Page 90 of Ruthless

Diego counted down. My hand found Vincent's arm as we prepared to move. The contact sent electricity through my palm, grounding me in the moment.

"GO!"

All four doors opened simultaneously in a choreographed explosion of movement. I hauled Vincent from the SUV, keeping his body shielded with mine. Lo exited backward, weapon trained on the entrance ramp, covering our six. Diego killed the engine and pocketed the keys smoothly, already striding toward the hearse.

Fifteen feet. Ten. Five.

Our footsteps echoed in perfect synchronization, not planned but the natural result of professionals who knew how to move together. Lo maintained his backward shuffle while I guided Vincent with a hand on his lower back. Diego was already working the hearse's locks before we reached it.

"Clear," Lo reported, pivoting smoothly to cover our new position.

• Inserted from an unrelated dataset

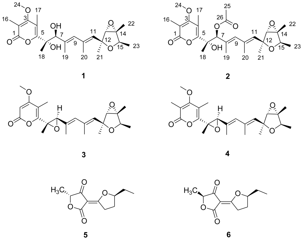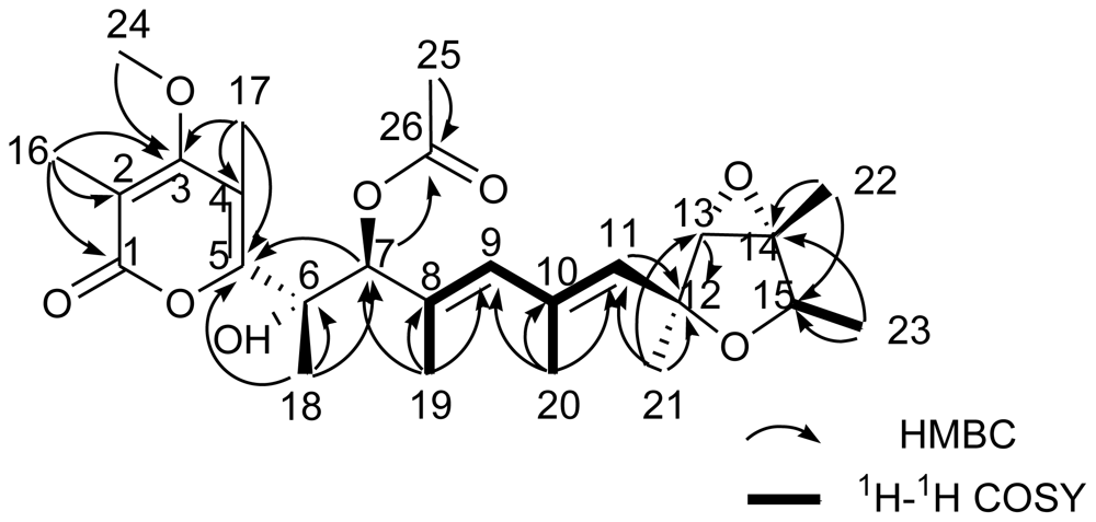 Compound 1 was obtained as yellow oil. The HRESIMS, in combination with 1H and 13C NMR data, indicated a composition of C24H34O7, requiring 8 unsaturations. The NMR spectra of 1 were compared to that of verrucosidin and found to be almost the same except for H-6/C-6, H-7/C-7, C-8 and C-10 [19–22]. Taking into account the degree of unsaturation, the molecule should have a ring-opened structure. The 1H and 13C NMR spectra of compound 1 exhibited signals for 32 protons and 24 distinct carbons, respectively. A heteronuclear multiple-quantum coherency (HMQC) NMR experiment established all one-bond 1H-13C connections as indicated in Table 1. The heteronuclear multiplebond correlation (HMBC) NMR spectrum displayed 1H-13C couplings from the methyl protons 18-H (δH 1.40) to C-5 (δC 159.7), C-6 (δC 78.8) and C-7 (δC 79.8), from the methyl protons 19-H (δH 1.82) to C-7 (δC 79.8), C-8 (δC 133.9) and C-9 (δC 134.3), and from the methyl protons 20-H (δH 1.89) to C-9 (δC 134.3), C-10 (δC 134.4), and C-11 (δC 133.0), thereby establishing the existence of a heptadiene moiety. The 1H-1H COSY NMR experiment revealed correlations from 9-H to 19-H, 9-H to 20-H and 20-H to 11-H supporting this conclusion. The 13C NMR chemical shifts of five downfield signals corresponding to C-1 (δC 165.0), C-2 (δC 110.4), C-3 (δC 169.2), C-4 (δC 111.8) and C-5 (δC 159.7), were in close agreement to those for an α-pyrone unit [19,22,23]. Two singlet olefinic methyl protons 16-H (δH 2.01) and 17-H (δH 2.21) exhibited HMBC correlations to their adjacent carbons in the α-pyrone moiety, C-1 (δC 165.0), C-2 (δC 110.4) and C-3 (δC 169.2); C-3 (δC 169.2), C-4 (δC 111.8), and C-5 (δC 159.7), respectively, as indicated in Table 1. Additionally, the methoxy protons 24-H (δH 3.79) revealed 1H-13C coupling to a quaternary carbon C-3 (δC 169.2), indicating the connection of the methoxy moiety to the C-3 position in the α-pyrone substructure. The long range couplings from olefinic methyl protons 17-H (δH 2.21) to C-5 (δC 159.7), from the methyl protons 18-H (δH 1.40) to C-5, and from the methine proton 7-H (δH 4.61) to C-5, indicated a connection between the partial heptadiene structure and the α-pyrone moiety. The quartet methine protons 15-H (δH 4.12), the doublet methyl protons 23-H(δH 1.18), and the 1H-1H COSY signal between them suggested the methyl group was located at C-15. The long range couplings from the methyl protons 22-H (δH 1.47) to C-14 (δC 67.4) and C-15 (δC 76.7), and from the doublet methyl protons 23-H (δH 1.18) to C-14 (δC 67.4) and C-15 (δC 76.7), linked the quaternary carbon C-14 to C-15. 1H-13C long range couplings from the methyl protons 21-H (δH 1.41) to C-11 (δC 133.0), C-12 (δC 80.1) and C-13 (δC 67.5), from an oxygenated methine proton 13-H (δH 3.43) to C-12 (δC 80.1), and from an olefinic methine proton 11-H (δH 5.53) to C-12 (δC 80.1) connected the quaternary carbon C-12 to the heptadiene moiety. The two oxygenated carbons C-13 (δC 67.5) and C-14 (δC 67.4) were concluded to form an epoxide ring. In contrast, two further deshielded oxygenated carbons C-6 (δC 78.8) and C-7 (δC 79.8), which had the higher chemical shifts, were connected to hydroxy groups respectively. This speculation was confirmed by the HRESIMS data. The molecular formula of 1 was determined from HRESIMS as C24H34O7, corresponding to the difference of one water molecule in the molecular formula between 1 and 4. Therefore, compound 1 was suggested to be a ring-opened derivative of 4.

Diego yanked the hearse's rear door open. I practically threw Vincent inside—no time for gentleness—and dove in after him. Lo slammed into the passenger seat just as Diego slid behind the wheel.

Total elapsed time: eleven seconds.

The hearse roared to life, Diego already shifting into reverse before my door fully closed.

We'd practiced this in the Acropolis, but the real thing was violent and efficient poetry that would make other crews weep with envy.

Diego got us moving. In the confined space, Vincent and I untangled ourselves, though the hearse's design kept us close. His shoulder pressed against mine as we settled onto the floor.

A shot cracked against the hearse's reinforced exterior. Our pursuers had reached the garage. But we were already accelerating toward the exit.

"That was..." Vincent's voice came out breathless.

"Eleven seconds," I said, allowing myself a moment of pride. "Not our best time, but decent under fire."

Through the tinted windows, our pursuers converged on our abandoned SUV. The vehicle switch had bought us moments. In our line of work, that was the difference between a clean escape and a body bag.

"Jasper, we need an exit," I called.

The digitized voice returned, an edge of exhilaration cutting through the electronic distortion: "North exit clear for twenty seconds. Creating diversion." An explosion echoed in the distance, followed by alarms. "Make that forty seconds. Their communication network just experienced... technical difficulties."

"Efficient bastard," Diego muttered, but it sounded like approval.

"Will we make it?" Vincent asked, straightening his tie with hands that barely shook.

"Twelve minutes to spare," I confirmed.

As if summoned, the Escalade reappeared in our mirrors. Persistent fuckers.

"The cemetery's neutral ground," I reminded everyone. What I didn't say: Prometheus might honor that tradition, or he might just decide scorching sacred earth was worth it to drag me back to his collection of broken toys.

Vincent shifted beside me, and I caught the slight wince. Still sore from last night. The inappropriate awareness of that knowledge that I'd marked him inside as thoroughly as any bruise threatened to break through my tactical focus.

The way he looked at me… It was like he was seeing something new, something that affected him in ways his brain couldn't quite process. His pupils were still dilated, but not just from fear.

"How are we going to get out of this?" he asked quietly. "They'll be waiting when we leave the cemetery."

"One problem at a time, doc," I said, loading a fresh magazine. My hands were perfectly steady now, all the tremors burned away by purpose. "First, we get you to Michael's funeral. Then we worry about staying alive."

The hearse blended into traffic, just another vehicle carrying grief through the city.

"I've corrupted their GPS data," Jasper's voice buzzed through comms. "Sending them to the wrong location. You have minutes before they realize."

Eight years. Hephaestus had been dismantling Prometheus's empire piece by piece for eight years. And now he was helping us. If someone that powerful could break free, maybe there was hope for all of us.

The cemetery gates appeared ahead. Sacred ground. Even in our world, some rules held. The Escalade fell back, unwilling to follow. For now.